Treating the Brain or Body: Which is Best for Patients With Pain?

Widespread Pain Increases Risk of Insomnia
Widespread Pain Increases Risk of Insomnia
While treatments for pain often target either the brain or the body, data show treatments often benefit both.

LAS VEGAS—Available pain treatments target the body, brain, or more commonly both, and matching treatments to pain mechanisms will improve outcomes for patients with pain, according to a presentation at PAINWeek 2016. 

Roger B. Fillingim, PhD, a distinguished professor at the University of Florida (UF) College of Dentistry and director of the UF Pain Research and Intervention Center of Excellence, noted that, while pain conditions are not typically thought of as “peripheral or central,” phenotyping each patient and having an idea of what specifically is being targeted, peripheral or central pain, can facilitate treatment choices. 

Dr Fillingim explained there are numerous pain medications available — according to one website, 537 in all — that fall under various headings, including anesthetics, antidepressants, opioids, and others. Procedural options for addressing pain are also numerous, ranging from surgery, to physical modalities such as light therapy and massage, to psychological interventions like biofeedback, to alternative therapies such as acupuncture. All of these interventions have varying success, which is often dependent upon the patient. 

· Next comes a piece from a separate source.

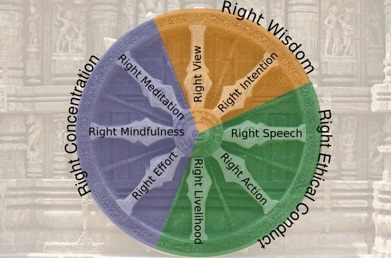 Buddhist scriptures explain the five precepts as the minimal standard of Buddhist morality.[1] It is the most important system of morality in Buddhism, together with the monastic rules.[2] Śīla (Sanskrit; Pali: sīla) is used to refer to Buddhist precepts,[3] including the five.[4] But the word also refers to the virtue and morality which lies at the foundation of the spiritual path to enlightenment, which is the first of the three forms of training on the path. Thus, the precepts are rules or guidelines to develop mind and character to make progress on the path to enlightenment.[4] The five precepts are part of the right speech, action and livelihood aspects of the eight-fold path, the core teaching of Buddhism.[4][5][6] Moreover, the practice of the five precepts and other parts of śīla are described as forms of merit-making, means to create good karma.[7][8] The five precepts have been described as social values that bring harmony to society,[9][10] and breaches of the precepts described as antithetical to a harmonious society.[11] On a smilar note, in Buddhist texts, the ideal, righteous society is one in which people keep five precepts.[12]

As an example of how patients cope with pain and interventions differently, Dr Fillingim described a study that he and his colleagues conducted that looked at patients who were tested by dropping their hands into ice cold water after they had been subjected to rising heat. “Before and after we asked them to stick their other hand in ice cold water. For some patients, there was a relief response, but that only happened for our low distress group. All of the other psychological profiles failed to show a pain inhibitory response.” For this reason other factors, including psychological profiles, should be considered when deciding upon treatment approaches, he noted.

Studies have also demonstrated that procedural interventions can have a direct impact on the brain. Dr Fillingim described a study by Gwilym and associates that examined data on 16 patients who had underwent hip arthroplasty.2 In that study, the researchers concluded that “gray matter volume decreases within the left thalamus in the presence of chronic pain and disability in patients with hip ostearthritis. The results also show that these thalamic volume changes reverse after hip arthroplasty and are associated with decreased pain and increased function.”

“So did this treatment target the body or the brain?” Dr Fillingim asked the audience. “Inevitably, what we do is we end up treating both.”

References

1. Fillingim RB. The brain or the body: what is the target for pain treatment? Presented at: PAINWeek 2016. Las Vegas, NV; September 6-10, 2016.

2. Gwilym SE, Filippini N, Douaud G, et al. Thalamic atrophy associated with painful osteoarthritis of the hip is reversible after arthroplasty: A longitudinal voxel-based morphometric study. Arthritis Rheumatol. 2010;doi: 10.1002/art.27585.